**MATERIAL TO PROCESS:**
---
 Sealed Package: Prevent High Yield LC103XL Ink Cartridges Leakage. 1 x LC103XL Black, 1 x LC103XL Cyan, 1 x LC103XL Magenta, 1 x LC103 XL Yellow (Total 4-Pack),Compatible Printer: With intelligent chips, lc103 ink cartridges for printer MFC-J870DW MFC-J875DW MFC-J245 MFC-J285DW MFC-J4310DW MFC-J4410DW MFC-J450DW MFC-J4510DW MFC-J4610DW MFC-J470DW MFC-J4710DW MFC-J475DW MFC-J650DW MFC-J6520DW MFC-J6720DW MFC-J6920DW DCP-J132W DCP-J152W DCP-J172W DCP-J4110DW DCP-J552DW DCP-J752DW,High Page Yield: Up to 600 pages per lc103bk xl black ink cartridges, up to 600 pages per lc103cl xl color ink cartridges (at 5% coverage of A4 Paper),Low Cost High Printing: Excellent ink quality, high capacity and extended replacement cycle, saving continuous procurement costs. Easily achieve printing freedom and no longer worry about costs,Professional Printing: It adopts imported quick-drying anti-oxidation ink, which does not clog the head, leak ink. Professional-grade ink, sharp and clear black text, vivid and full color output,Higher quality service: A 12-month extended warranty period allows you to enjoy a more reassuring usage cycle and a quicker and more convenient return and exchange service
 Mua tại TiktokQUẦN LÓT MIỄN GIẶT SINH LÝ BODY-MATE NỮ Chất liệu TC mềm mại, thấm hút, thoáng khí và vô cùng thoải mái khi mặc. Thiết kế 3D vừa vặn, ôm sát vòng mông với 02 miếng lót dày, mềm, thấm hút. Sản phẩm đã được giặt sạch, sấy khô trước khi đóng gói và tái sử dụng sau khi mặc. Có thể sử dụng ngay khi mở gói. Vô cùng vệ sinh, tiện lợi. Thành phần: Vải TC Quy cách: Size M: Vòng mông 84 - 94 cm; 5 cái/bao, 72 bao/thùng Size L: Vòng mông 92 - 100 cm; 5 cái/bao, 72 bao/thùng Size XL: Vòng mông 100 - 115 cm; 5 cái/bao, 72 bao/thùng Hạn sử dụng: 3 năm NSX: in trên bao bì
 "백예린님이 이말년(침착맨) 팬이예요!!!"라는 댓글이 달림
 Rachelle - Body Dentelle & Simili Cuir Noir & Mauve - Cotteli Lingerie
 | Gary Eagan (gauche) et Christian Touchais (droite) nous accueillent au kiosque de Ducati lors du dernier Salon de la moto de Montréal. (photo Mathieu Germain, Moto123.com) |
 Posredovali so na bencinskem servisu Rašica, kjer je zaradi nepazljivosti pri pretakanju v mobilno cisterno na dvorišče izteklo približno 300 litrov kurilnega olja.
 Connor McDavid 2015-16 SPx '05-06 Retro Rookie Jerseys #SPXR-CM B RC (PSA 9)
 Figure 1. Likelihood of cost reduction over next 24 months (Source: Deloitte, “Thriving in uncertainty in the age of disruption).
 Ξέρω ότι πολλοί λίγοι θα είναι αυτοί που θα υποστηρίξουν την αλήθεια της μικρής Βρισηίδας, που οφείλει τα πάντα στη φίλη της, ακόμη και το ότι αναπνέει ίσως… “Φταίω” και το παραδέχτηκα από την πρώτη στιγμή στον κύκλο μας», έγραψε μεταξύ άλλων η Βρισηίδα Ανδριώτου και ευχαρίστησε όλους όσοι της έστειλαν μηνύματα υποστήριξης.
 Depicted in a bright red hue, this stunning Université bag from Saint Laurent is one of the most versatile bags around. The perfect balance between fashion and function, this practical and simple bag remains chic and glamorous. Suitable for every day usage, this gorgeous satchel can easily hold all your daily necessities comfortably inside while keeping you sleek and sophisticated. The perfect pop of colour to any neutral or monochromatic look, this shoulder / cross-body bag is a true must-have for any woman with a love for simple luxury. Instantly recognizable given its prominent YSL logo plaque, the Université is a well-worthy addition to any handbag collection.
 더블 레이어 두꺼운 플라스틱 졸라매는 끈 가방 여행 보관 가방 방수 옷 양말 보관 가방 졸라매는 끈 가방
---
**WHAT TO DO:** The entire listing must be repeated without a single change.

**REPLY:**
 Sealed Package: Prevent High Yield LC103XL Ink Cartridges Leakage. 1 x LC103XL Black, 1 x LC103XL Cyan, 1 x LC103XL Magenta, 1 x LC103 XL Yellow (Total 4-Pack),Compatible Printer: With intelligent chips, lc103 ink cartridges for printer MFC-J870DW MFC-J875DW MFC-J245 MFC-J285DW MFC-J4310DW MFC-J4410DW MFC-J450DW MFC-J4510DW MFC-J4610DW MFC-J470DW MFC-J4710DW MFC-J475DW MFC-J650DW MFC-J6520DW MFC-J6720DW MFC-J6920DW DCP-J132W DCP-J152W DCP-J172W DCP-J4110DW DCP-J552DW DCP-J752DW,High Page Yield: Up to 600 pages per lc103bk xl black ink cartridges, up to 600 pages per lc103cl xl color ink cartridges (at 5% coverage of A4 Paper),Low Cost High Printing: Excellent ink quality, high capacity and extended replacement cycle, saving continuous procurement costs. Easily achieve printing freedom and no longer worry about costs,Professional Printing: It adopts imported quick-drying anti-oxidation ink, which does not clog the head, leak ink. Professional-grade ink, sharp and clear black text, vivid and full color output,Higher quality service: A 12-month extended warranty period allows you to enjoy a more reassuring usage cycle and a quicker and more convenient return and exchange service
 Mua tại TiktokQUẦN LÓT MIỄN GIẶT SINH LÝ BODY-MATE NỮ Chất liệu TC mềm mại, thấm hút, thoáng khí và vô cùng thoải mái khi mặc. Thiết kế 3D vừa vặn, ôm sát vòng mông với 02 miếng lót dày, mềm, thấm hút. Sản phẩm đã được giặt sạch, sấy khô trước khi đóng gói và tái sử dụng sau khi mặc. Có thể sử dụng ngay khi mở gói. Vô cùng vệ sinh, tiện lợi. Thành phần: Vải TC Quy cách: Size M: Vòng mông 84 - 94 cm; 5 cái/bao, 72 bao/thùng Size L: Vòng mông 92 - 100 cm; 5 cái/bao, 72 bao/thùng Size XL: Vòng mông 100 - 115 cm; 5 cái/bao, 72 bao/thùng Hạn sử dụng: 3 năm NSX: in trên bao bì
 "백예린님이 이말년(침착맨) 팬이예요!!!"라는 댓글이 달림
 Rachelle - Body Dentelle & Simili Cuir Noir & Mauve - Cotteli Lingerie
 | Gary Eagan (gauche) et Christian Touchais (droite) nous accueillent au kiosque de Ducati lors du dernier Salon de la moto de Montréal. (photo Mathieu Germain, Moto123.com) |
 Posredovali so na bencinskem servisu Rašica, kjer je zaradi nepazljivosti pri pretakanju v mobilno cisterno na dvorišče izteklo približno 300 litrov kurilnega olja.
 Connor McDavid 2015-16 SPx '05-06 Retro Rookie Jerseys #SPXR-CM B RC (PSA 9)
 Figure 1. Likelihood of cost reduction over next 24 months (Source: Deloitte, “Thriving in uncertainty in the age of disruption).
 Ξέρω ότι πολλοί λίγοι θα είναι αυτοί που θα υποστηρίξουν την αλήθεια της μικρής Βρισηίδας, που οφείλει τα πάντα στη φίλη της, ακόμη και το ότι αναπνέει ίσως… “Φταίω” και το παραδέχτηκα από την πρώτη στιγμή στον κύκλο μας», έγραψε μεταξύ άλλων η Βρισηίδα Ανδριώτου και ευχαρίστησε όλους όσοι της έστειλαν μηνύματα υποστήριξης.
 Depicted in a bright red hue, this stunning Université bag from Saint Laurent is one of the most versatile bags around. The perfect balance between fashion and function, this practical and simple bag remains chic and glamorous. Suitable for every day usage, this gorgeous satchel can easily hold all your daily necessities comfortably inside while keeping you sleek and sophisticated. The perfect pop of colour to any neutral or monochromatic look, this shoulder / cross-body bag is a true must-have for any woman with a love for simple luxury. Instantly recognizable given its prominent YSL logo plaque, the Université is a well-worthy addition to any handbag collection.
 더블 레이어 두꺼운 플라스틱 졸라매는 끈 가방 여행 보관 가방 방수 옷 양말 보관 가방 졸라매는 끈 가방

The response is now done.